The alveolar sibilants are often labelled as hissing sounds, while the other types are often labelled as hushing sounds (sometimes referred to as shibilants because of their quality). Speaking non-technically, the retroflex consonant /[ʂ]/ sounds somewhat like a mixture between the regular English /[ʃ]/ of "ship" and a strong American "r"; while the alveolo-palatal consonant /[ɕ]/ sounds somewhat like a mixture of English /[ʃ]/ of "ship" and the /[sj]/ in the middle of "miss you".

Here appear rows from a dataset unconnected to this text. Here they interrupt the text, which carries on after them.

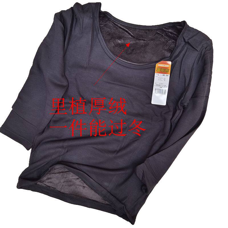 Японская бархатная базовая приятная телу зимняя удерживающая тепло утепленный лонгслив с круглым воротником, увеличенная толщина
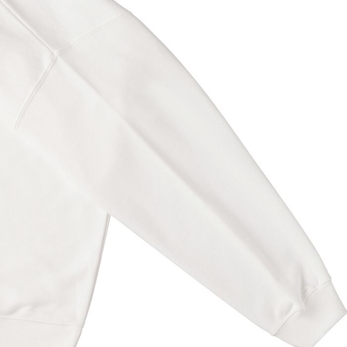 裾まわりのシルエットが浮かばないように絞り込んだ裾口や、ほどよい溜まり感のある袖、首まわりはタフなダブルスティッチなどこだわりを詰め込んだシルエット。
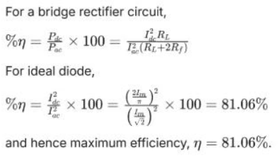 The theoretical maximum efficiency of a bridge rectifier circuit is
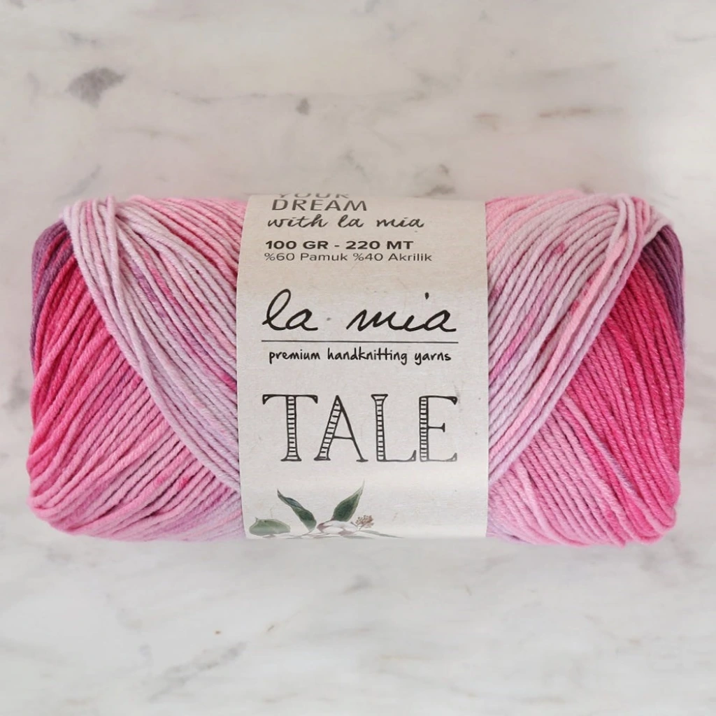 La Mia Markası'na ait yepyeni ürün TALE ile hayalini yarat.Geçişli renk tonlarının hakim olduğu bu seri ile havanız değişecek. Yumuşak ve kolay tüylenmeyen yapısı, güzel renk tonları ile örgüleriniz artık daha gösterişli. Tüm örgü modellerinizde güvenle tercih edebilirsiniz.
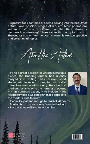 His Poetry Book contains twenty one poems delving into beauty of nature, love, passion, stages of life, etc. Mostly poems are written in stanzas in different lengths. Here stresses bestowed on meaningful lines rather than a try for rhythm. Author has written the poems as per his own perspective and selection of topics.
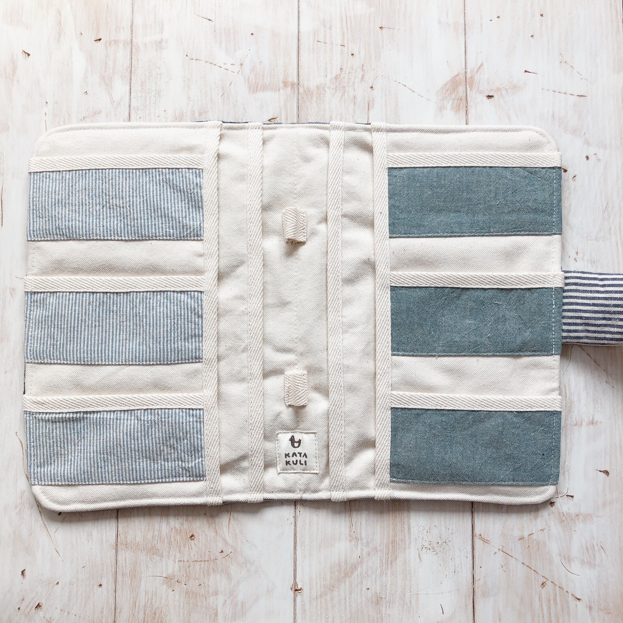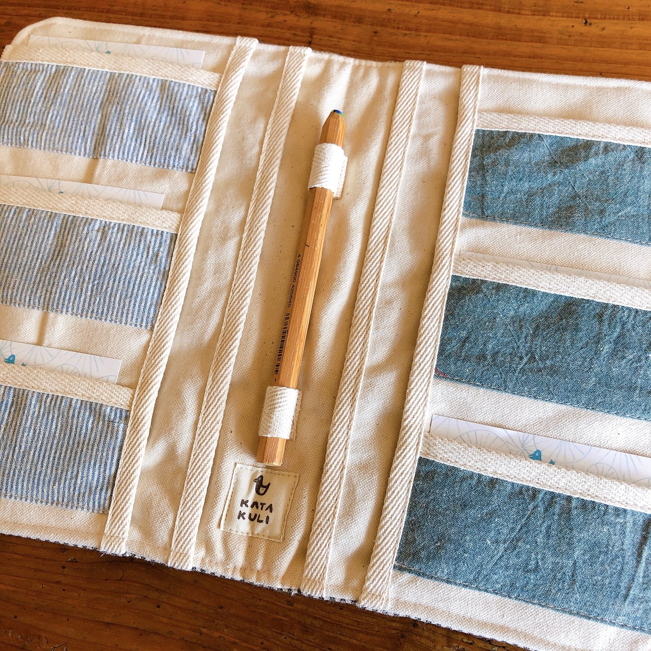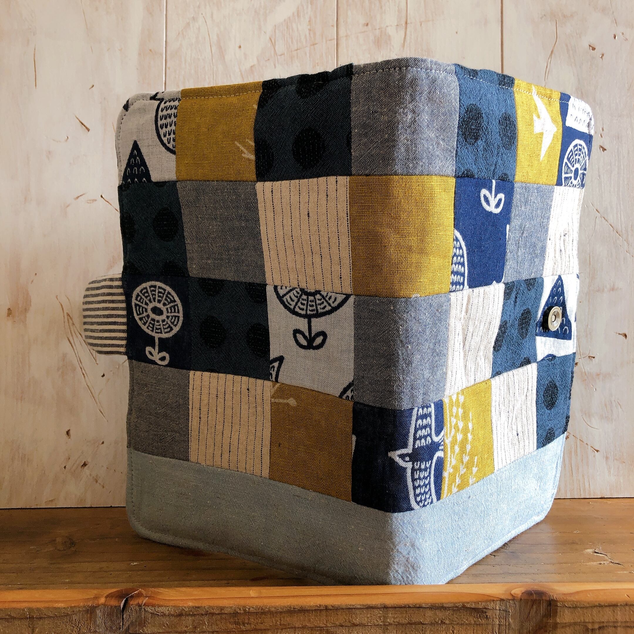 パッチワークの大きめマルチケース(A5サイズ):ネイビーmix
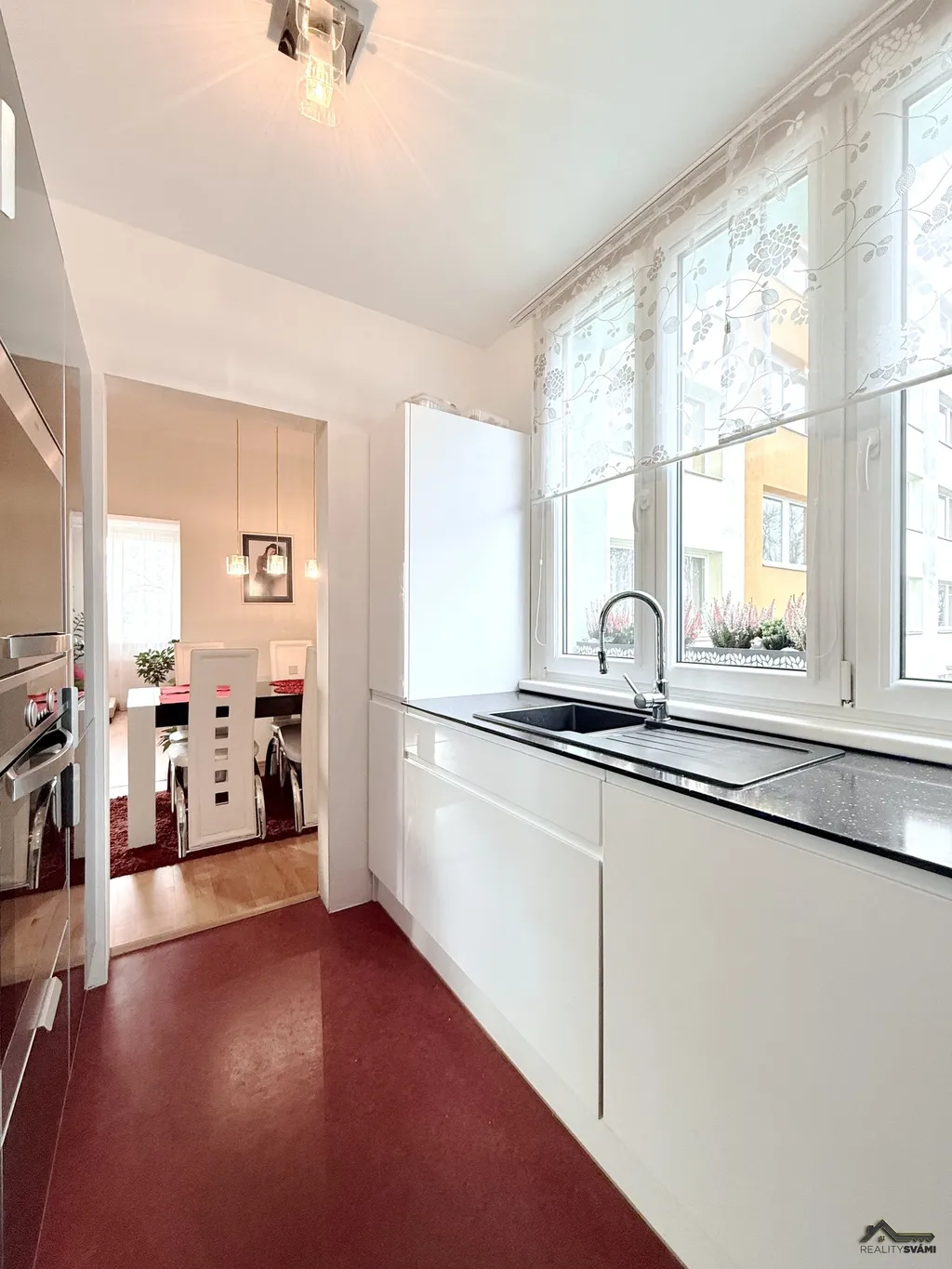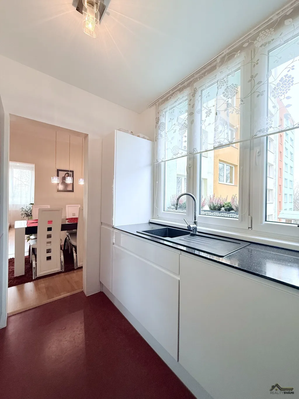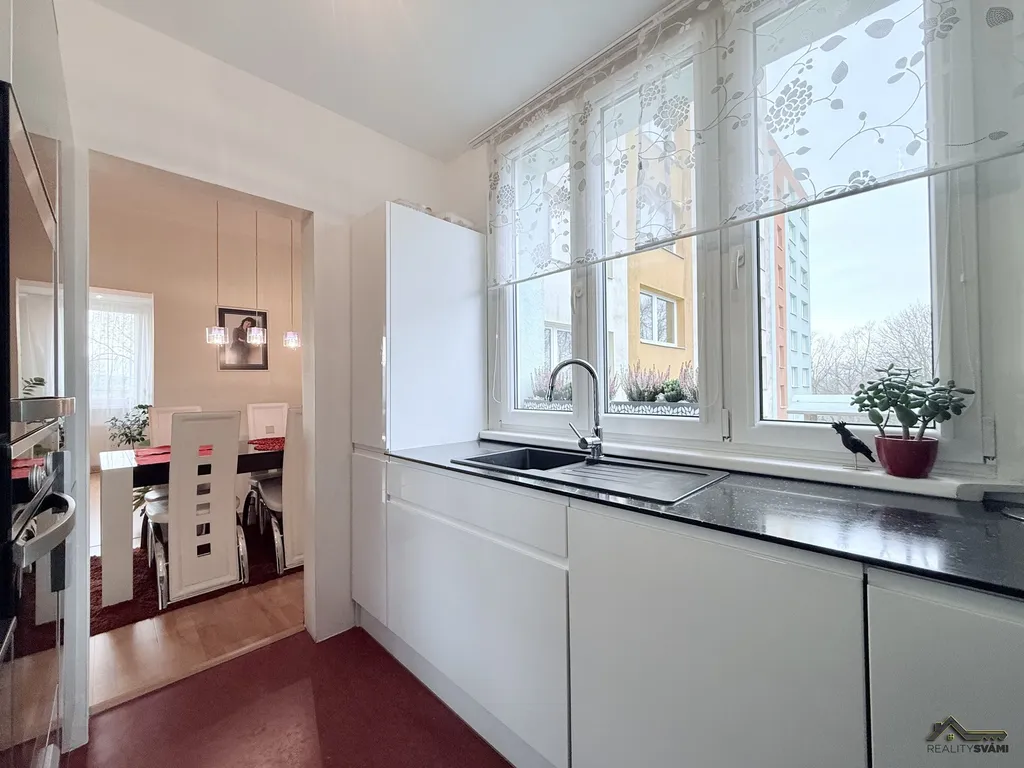 Už při vstupu vás zaujme prostorná chodba, která vytváří příjemný pocit a která krásně propojuje celý byt. Dispozice nabízí tři samostatné pokoje, samostatnou jídelnu a oddělenou kuchyň s moderní a velmi pěknou kuchyňskou linkou včetně spotřebičů. Dominantou bytu je světlý a prostorný obývací pokoj, který propojuje celý byt.

=== Place of articulation ===
Sibilants can be made at any coronal articulation, i.e. the tongue can contact the upper side of the mouth anywhere from the upper teeth (dental) to the hard palate (palatal), with the in-between articulations being denti-alveolar, alveolar and postalveolar.

=== Point of contact on the tongue ===

The tongue can contact the upper side of the mouth with the very tip of the tongue (an apical articulation, e.g. /[ʃ̺]/); with the surface just behind the tip, called the blade of the tongue (a laminal articulation, e.g. /[ʃ̻]/); or with the underside of the tip (a subapical articulation). Apical and subapical articulations are always tongue-up, with the tip of the tongue above the teeth, while laminal articulations can be either tongue-up or tongue-down, with the tip of the tongue behind the lower teeth. This distinction is particularly important for retroflex sibilants, because all three varieties can occur, with noticeably different sound qualities.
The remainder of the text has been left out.